[[ Dataset excerpts, beginning ]]

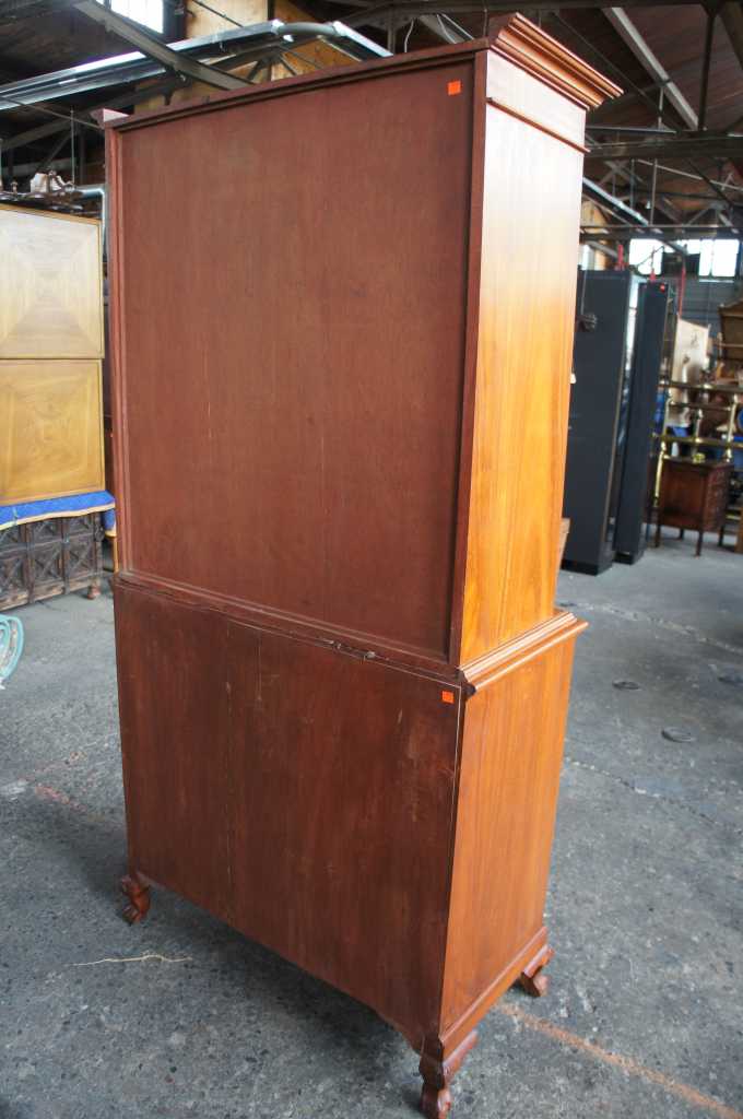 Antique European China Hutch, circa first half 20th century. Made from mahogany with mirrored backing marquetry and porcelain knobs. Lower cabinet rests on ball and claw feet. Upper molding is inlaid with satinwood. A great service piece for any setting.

[[ Dataset excerpts, end ]]
[[ Dataset excerpts, beginning ]]

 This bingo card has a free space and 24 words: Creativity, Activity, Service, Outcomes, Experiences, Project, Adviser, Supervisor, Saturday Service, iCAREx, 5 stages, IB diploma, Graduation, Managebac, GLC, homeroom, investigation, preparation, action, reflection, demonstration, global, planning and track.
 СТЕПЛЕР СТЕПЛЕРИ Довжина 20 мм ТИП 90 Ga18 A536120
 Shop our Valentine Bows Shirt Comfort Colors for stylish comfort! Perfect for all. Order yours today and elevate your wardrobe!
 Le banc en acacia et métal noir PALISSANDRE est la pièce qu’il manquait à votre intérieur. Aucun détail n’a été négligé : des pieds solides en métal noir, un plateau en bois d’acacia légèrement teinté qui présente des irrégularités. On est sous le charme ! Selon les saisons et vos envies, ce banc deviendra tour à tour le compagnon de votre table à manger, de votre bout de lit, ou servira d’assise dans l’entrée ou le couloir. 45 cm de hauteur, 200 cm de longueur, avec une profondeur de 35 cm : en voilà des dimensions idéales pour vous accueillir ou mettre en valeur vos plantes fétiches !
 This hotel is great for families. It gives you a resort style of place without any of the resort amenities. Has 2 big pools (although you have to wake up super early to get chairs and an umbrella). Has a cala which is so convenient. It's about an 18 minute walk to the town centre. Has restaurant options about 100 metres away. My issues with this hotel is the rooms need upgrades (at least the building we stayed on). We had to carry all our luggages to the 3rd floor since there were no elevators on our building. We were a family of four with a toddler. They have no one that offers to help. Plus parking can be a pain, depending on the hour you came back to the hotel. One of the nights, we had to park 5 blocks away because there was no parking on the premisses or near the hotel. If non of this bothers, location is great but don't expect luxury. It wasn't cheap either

[[ Dataset excerpts, end ]]
[[ Dataset excerpts, beginning ]]

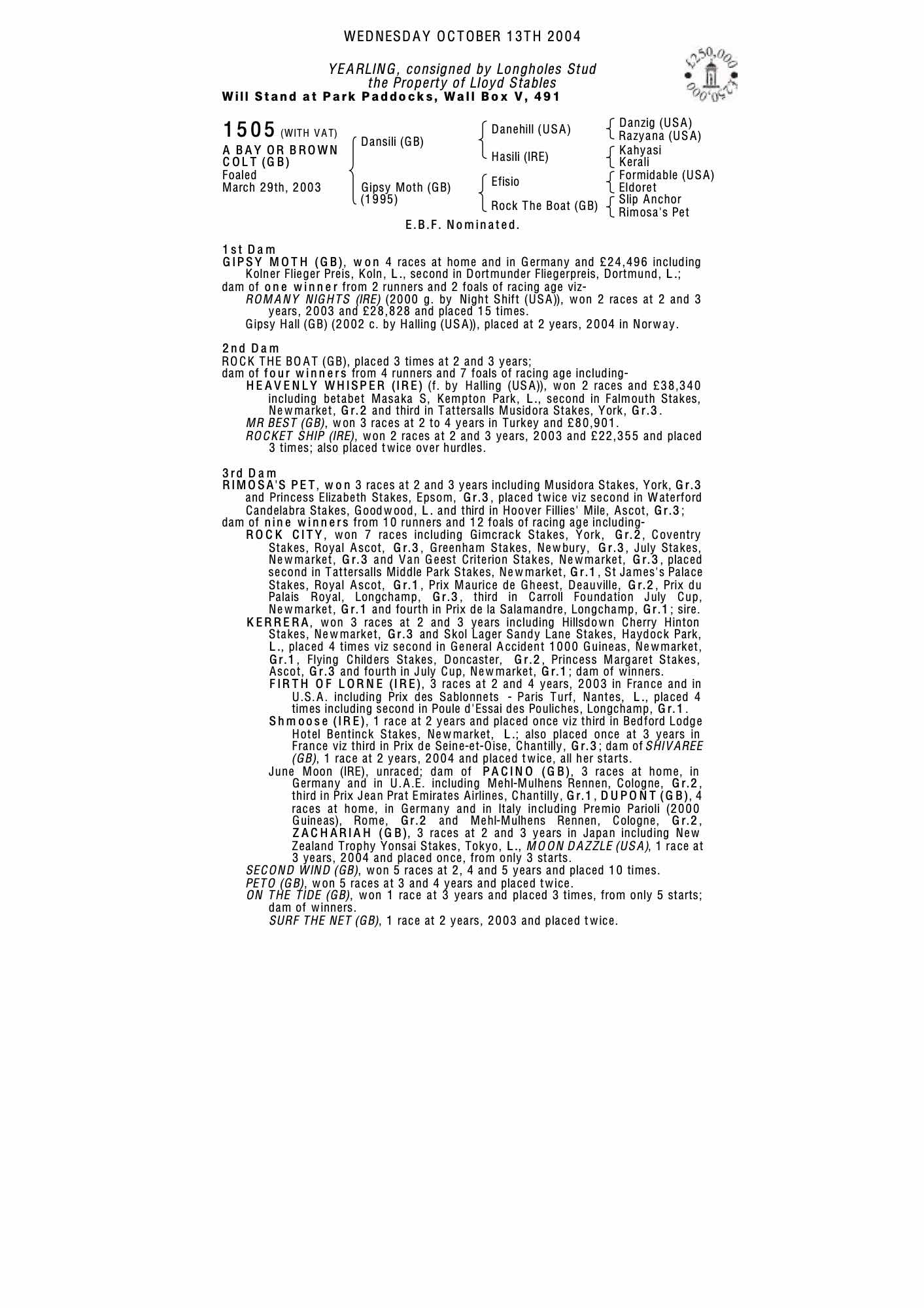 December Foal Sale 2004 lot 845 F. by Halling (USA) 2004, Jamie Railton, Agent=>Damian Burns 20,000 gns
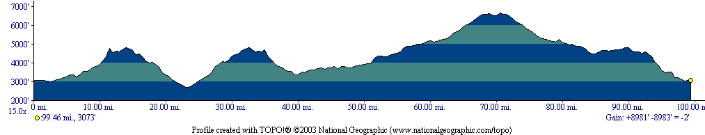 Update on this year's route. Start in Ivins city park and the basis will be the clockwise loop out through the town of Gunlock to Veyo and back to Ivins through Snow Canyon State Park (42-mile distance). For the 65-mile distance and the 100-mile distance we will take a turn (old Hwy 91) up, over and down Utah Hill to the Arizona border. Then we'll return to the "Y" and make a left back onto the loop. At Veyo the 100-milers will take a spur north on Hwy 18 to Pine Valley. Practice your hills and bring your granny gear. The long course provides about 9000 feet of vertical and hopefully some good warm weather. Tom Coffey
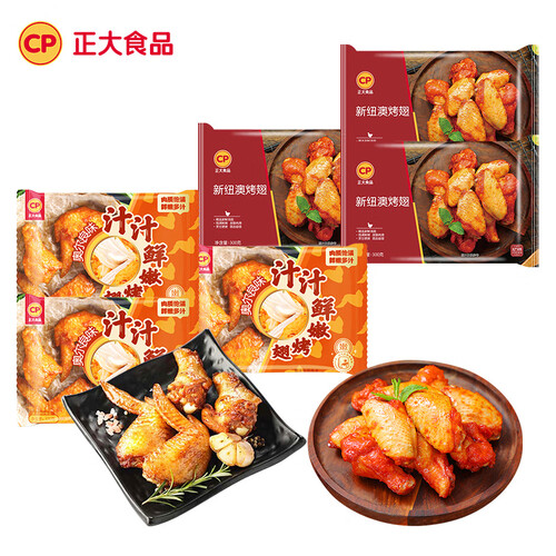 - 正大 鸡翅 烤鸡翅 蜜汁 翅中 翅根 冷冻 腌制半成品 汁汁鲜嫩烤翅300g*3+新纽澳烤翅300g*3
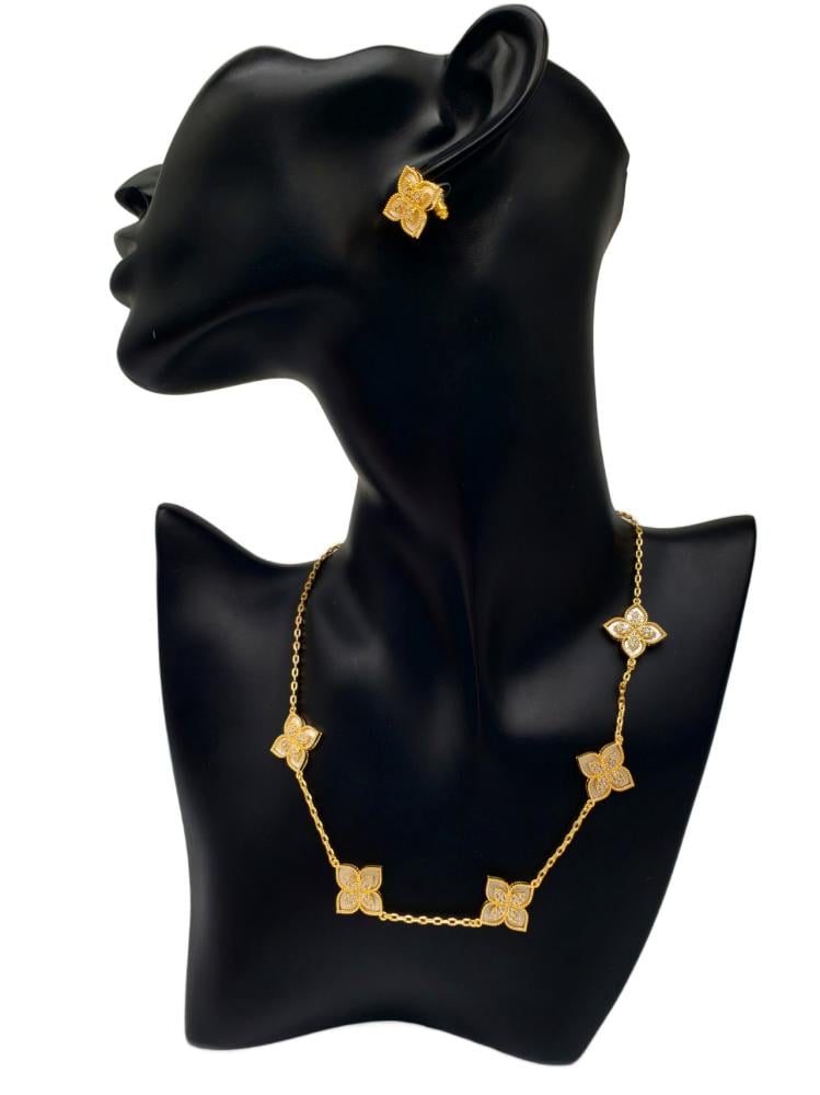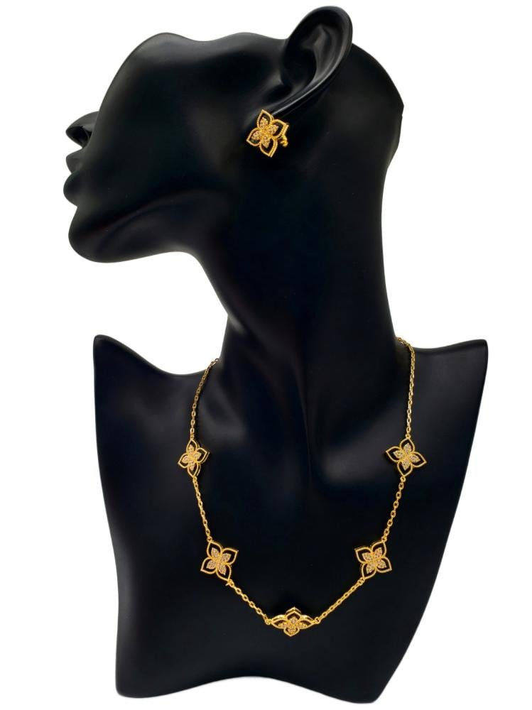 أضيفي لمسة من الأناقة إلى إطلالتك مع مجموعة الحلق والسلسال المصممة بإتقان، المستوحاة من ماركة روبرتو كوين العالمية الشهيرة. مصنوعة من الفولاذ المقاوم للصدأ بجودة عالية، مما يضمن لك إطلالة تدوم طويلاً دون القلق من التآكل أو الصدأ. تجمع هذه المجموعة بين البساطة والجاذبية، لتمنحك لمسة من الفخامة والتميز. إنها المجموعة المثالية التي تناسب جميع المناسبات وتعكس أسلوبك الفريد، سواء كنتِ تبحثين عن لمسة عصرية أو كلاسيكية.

[[ Dataset excerpts, end ]]

**Exercise**
Copy the records above exactly, beginning at the line that contains "This bingo card" and stopping after the line that contains "Shop our Valentine".

**Answer for the task**
 This bingo card has a free space and 24 words: Creativity, Activity, Service, Outcomes, Experiences, Project, Adviser, Supervisor, Saturday Service, iCAREx, 5 stages, IB diploma, Graduation, Managebac, GLC, homeroom, investigation, preparation, action, reflection, demonstration, global, planning and track.
 СТЕПЛЕР СТЕПЛЕРИ Довжина 20 мм ТИП 90 Ga18 A536120
 Shop our Valentine Bows Shirt Comfort Colors for stylish comfort! Perfect for all. Order yours today and elevate your wardrobe!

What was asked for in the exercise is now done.